3- Sepecies tree in newick format. Note that the name of leaves of the tree (species name) should be the same as the file name of fastas (without .fa extension) (item 1). You can see an example in the testdata folder.

$ ls proteome
AQUAE.fa  CHLTR.fa  MYCGE.fa
$ cat species_tree.nwk
((AQUAE,CHLTR)inter1,MYCGE)inter2;

Besides, the internal node should not contain any special character (e.g. \ / or space). The reason is that FastOMA write some files whose names contains the internal node's name. If the species tree does not have label for some/all internal nodes, FastOMA labels them sequentially.

Output:

Orthology information as HOG strcutre in OrthoXML format which can be used with PyHAM

How to run FastOMA

In summary, you need to 1) install FastOMA using pip after its prerequisites (below), and 2) put the input files in the folder in_folder and 3) run FastOMA using the nextflow recipe FastOMA_script.nf.

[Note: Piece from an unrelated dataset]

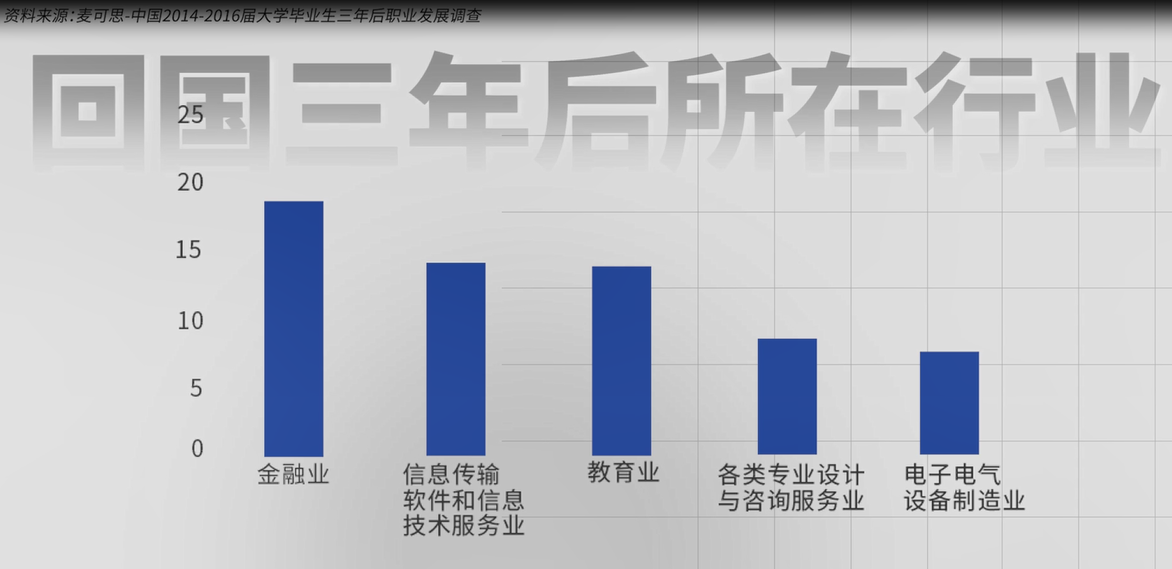 麦可思研究院追踪调查了留学生回国三年后所在的行业分布,发现 排名靠前的依次是金融业、信息软件业、教育业、设计和咨询等高端服务业以及电子电气设备制造业 。

python -m pip install -e ./FastOMA 
nextflow  FastOMA_script.nf  --input_folder /path/to/in_folder   --output_folder /path/to/out_folder 

For a detailed instruction start from prerequisites and continue to the section How to run FastOMA on the test data (details).

prerequisites

FastOMA needs following software packages: omamer, Nextflow, Biopython, dendropy, pyparsing , ete3, fasttree and mafft.

To do so, you can start with a fresh conda environment.

conda create --name FastOMA python=3.9
conda activate FastOMA

You can install the packages using pip. You can always make sure whether you are using the python that you intended to use with which python and which python3.

python -m pip install --upgrade pip
python -m pip install biopython
python -m pip install omamer
# python -m pip install pytables==3.6.1 # if you had trouble with pytables for omamer.
python -m pip install ete3  
python -m pip install nextflow
python -m pip install pyparsing
python -m pip install DendroPy
python -m pip install future
python -m pip install lxml

You may use conda to install mafft, fasttree and openjdk (the alternative for Java 11< version <17 which is needed for nextflow).

conda install -c bioconda mafft fasttree
conda install -c conda-forge openjdk

You may also need to have the following for nextflow to work.

JAVA_HOME="/path/to/jdk-17"
NXF_JAVA_HOME="/path/to/jdk-17"
export PATH="/path/to/jdk-17/bin:$PATH"

You can make sure that omamer and nextflow is installed with running

omamer
nextflow -h

How to run FastOMA on the test data (details)

First, download the FastOMA package:

wget https://github.com/DessimozLab/FastOMA/archive/refs/heads/master.zip
unzip master.zip
mv FastOMA-master FastOMA

or clone it

git clone [email protected]:DessimozLab/FastOMA.git

Then install it

ls FastOMA/setup.py
python -m pip install -e FastOMA 

The output would be

  Preparing metadata (setup.py) ... done
Building wheels for collected packages: FastOMA
  Building wheel for FastOMA (setup.py) ... done
  Created wheel for FastOMA: filename=FastOMA-0.0.5-py3-none-any.whl size=29386 sh
Successfully built FastOMA
Installing collected packages: FastOMA
Successfully installed FastOMA-0.0.5

You can check your installation with

infer-roothogs --version

Then, cd to the testdata folder and download the omamer database and change its name to omamerdb.h5.

cd FastOMA/testdata
wget https://omabrowser.org/All/Primates.h5    # 352MB
mv Primates.h5  in_folder/omamerdb.h5 

(This is for the test however, I would suggest downloading the LUCA.h5 instead of Primates.h5 for your real analysis.). Check the item 2 in the input section for details.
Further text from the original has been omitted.